* ENTRIES SUPPLIED:
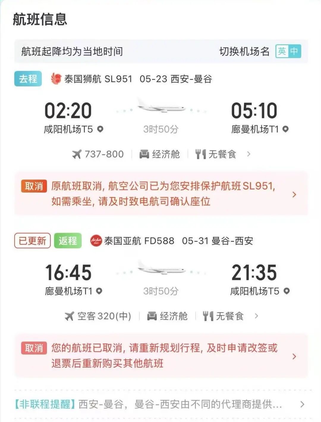 ● 赵华瑞一家西安往返曼谷的两趟航班均已取消。图源:受访者
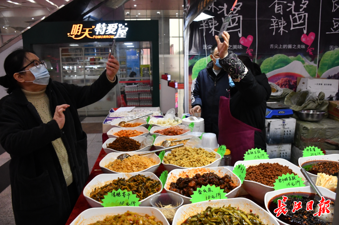 长江网12月26日讯12月26日,在武汉国际展览中心举办的荆楚情山货节上,房县花菇、山东酱猪肘、云南腊肉等各地农副产品相继亮相。吸引了众多市民前来购买淘货。(记者詹松 摄影报道)
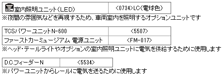 ●ヘッド・テールライトは、別売りのFM-017電源ユニット、パワーユニット・D.C.フィーダーを使うことで点灯
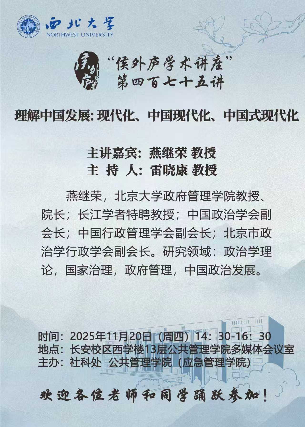 “侯外庐学术讲座”第四百七十五讲:理解中国发展:现代化、中国现代化、中国式现代化
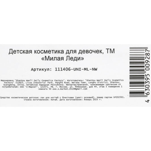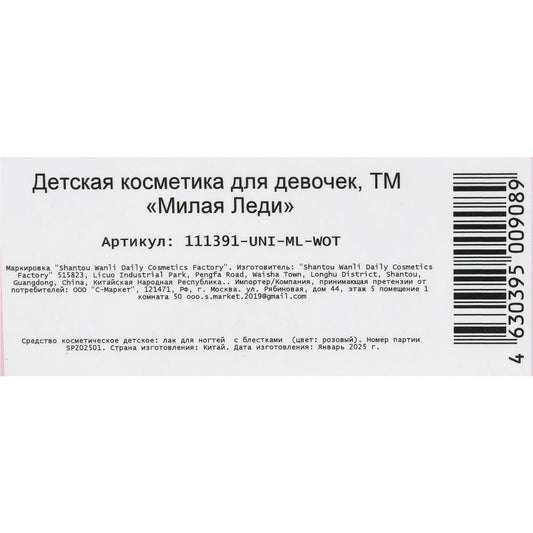 Косметика ДЛЯ ДЕВОЧЕК лак для ногтей с блестками МИЛАЯ ЛЕДИ в кор.4*30шт

* ASSIGNMENT: Pictures are to be left out; everything else in the entries is reproduced verbatim.

* WRITTEN RESPONSE:
 ● 赵华瑞一家西安往返曼谷的两趟航班均已取消。图源:受访者
 长江网12月26日讯12月26日,在武汉国际展览中心举办的荆楚情山货节上,房县花菇、山东酱猪肘、云南腊肉等各地农副产品相继亮相。吸引了众多市民前来购买淘货。(记者詹松 摄影报道)
 ●ヘッド・テールライトは、別売りのFM-017電源ユニット、パワーユニット・D.C.フィーダーを使うことで点灯
 “侯外庐学术讲座”第四百七十五讲:理解中国发展:现代化、中国现代化、中国式现代化
 Косметика ДЛЯ ДЕВОЧЕК лак для ногтей с блестками МИЛАЯ ЛЕДИ в кор.4*30шт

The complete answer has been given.